There is one last trick that I am aware of that would likely further improve the runtime
complexity of the hard special leaf algorithm: the distribution of the hard special leaves is
highly skewed, most leaves are located at the beginning of the sieving algorithm and as we
sieve up the leaves become sparser and the distance between consecutive leaves increases. In
the [Runtime complexity](#Runtime-complexity) paragraph I have suggested using a fixed number
of counter levels for the entire computation. But this is not ideal, we can further improve
the balancing of sieve and count operations by adjusting the number of counter levels for each
segment. However, I don't know how to calculate the optimal number of counter levels for the
individual segments and I also don't know how much this would improve the runtime complexity.

## Appendix

* In the original Deléglise-Rivat paper [[2]](#References) its authors indicate that the use
  of a binary indexed tree deteriorates the sieving part of the hard special leaf algorithm by
  a factor of O(log z) to O(z * log z * log log z) operations. Tomás Oliveira e Silva in
  [[4]](#References) rightfully points out that this is incorrect and that it only
  deteriorates the sieving part of the algorithm by a factor of O(log z / log log z). This is
  because we don't need to need to perform O(log z) binary indexed tree updates for each
  elementary sieve operation, of which there are O(z log log z). But instead we only need to
  perform O(log z) binary indexed tree updates whenever an element is crossed off for the first
  time in the sieve array. When we sieve up to z, there are at most z elements that can be
  crossed off for the first time, therefore the runtime complexity of the sieving part of the
  hard special leaf algorithm with a binary indexed tree is O(z log z) operations.
  
  The new alternative algorithm also relies on the above subtlety to improve the runtime
  complexity. When using multiple counter levels, the related counter arrays should only be
  updated whenever an element is crossed off for the first time in the sieve array. However,
  when using a small constant number of counter levels (e.g. ≤ 3) it may be advantages to
  always update the counter array(s) when an element is crossed off in the sieve array. This
  reduces the branch mispredictions and can significantly improve performance.
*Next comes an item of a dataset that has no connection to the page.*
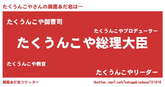 | 女子向けラノベタイトル風あだ名 | 『たくうんこやの雑貨屋さん』 |
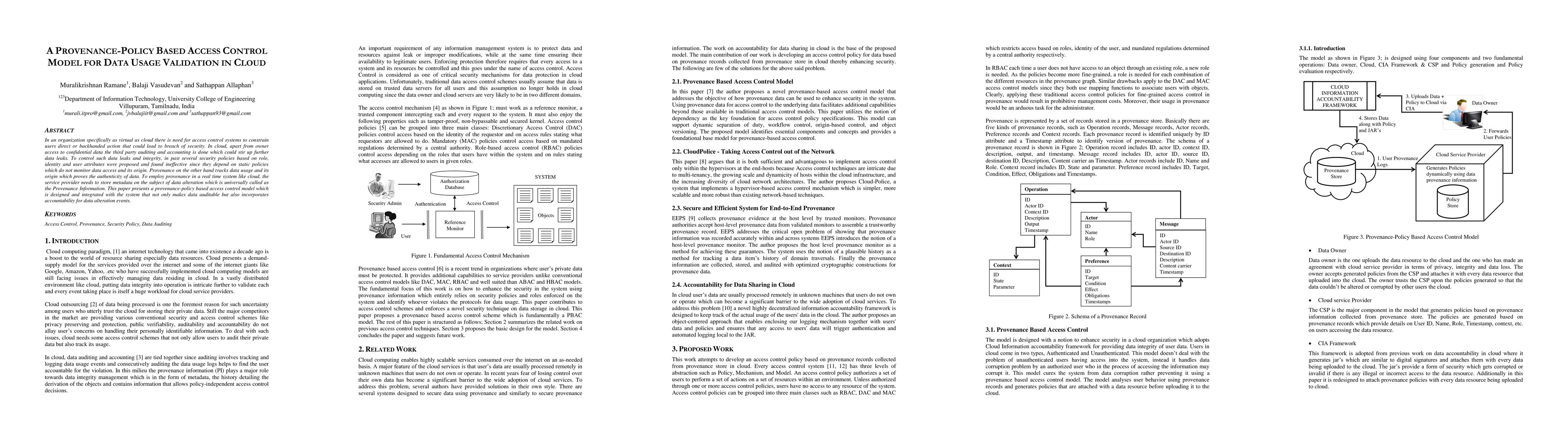 This paper proposes a provenance-policy based access control model for data usage validation in cloud environments, aiming to enhance security by tracking data origin and usage, thereby ensuring data integrity and accountability beyond static role-based policies. The model integrates provenance information to audit and monitor data alterations effectively.

See the first
  code section in [Improved alternative counting method](#improved-alternative-counting-method)
  for how to implement this.
  
* When using a bit sieve array it is advantages to count the number of unsieved elements in the
  sieve array using the POPCNT instruction. The use of the POPCNT instruction allows counting
  many unsieved elements (1-bits) using a single instruction. In primecount each POPCNT
  instruction counts the number of unsieved elements within the next 8 bytes of the sieve array
  and these 8 bytes correspond to an interval of size 8 * 30 = 240. When using multiple counter
  levels, it is important for performance that on average the same number of count operations is
  executed on each level. However, using the POPCNT instruction dramatically reduces the number
  of count operations on the last level and hence causes a significant imbalance. To fix this
  imbalance we can multiply the counter distance for each level by
  POPCNT_distance^(level/levels). In primecount the POPCNT distance is 240, if primecount used 3
  counter levels we would multiply the counter distance of the 1st level by 240^(1/3) and the
  counter distance of the 2nd level by 240^(2/3).

## References

1. J. C. Lagarias, V. S. Miller, and A. M. Odlyzko, Computing pi(x): The Meissel-Lehmer method, Mathematics of Computation, 44 (1985), pp. 537–560.
2. M. Deleglise and J. Rivat, "Computing pi(x): The Meissel, Lehmer, Lagarias, Miller, Odlyzko Method", Mathematics of Computation, Volume 65, Number 213, 1996, pp 235–245.
3. Xavier Gourdon, Computation of pi(x) : improvements to the Meissel, Lehmer, Lagarias, Miller, Odllyzko, Deléglise and Rivat method, February 15, 2001.
4. Tomás Oliveira e Silva, Computing pi(x): the combinatorial method, Revista do DETUA, vol. 4, no. 6, March 2006, pp. 759-768.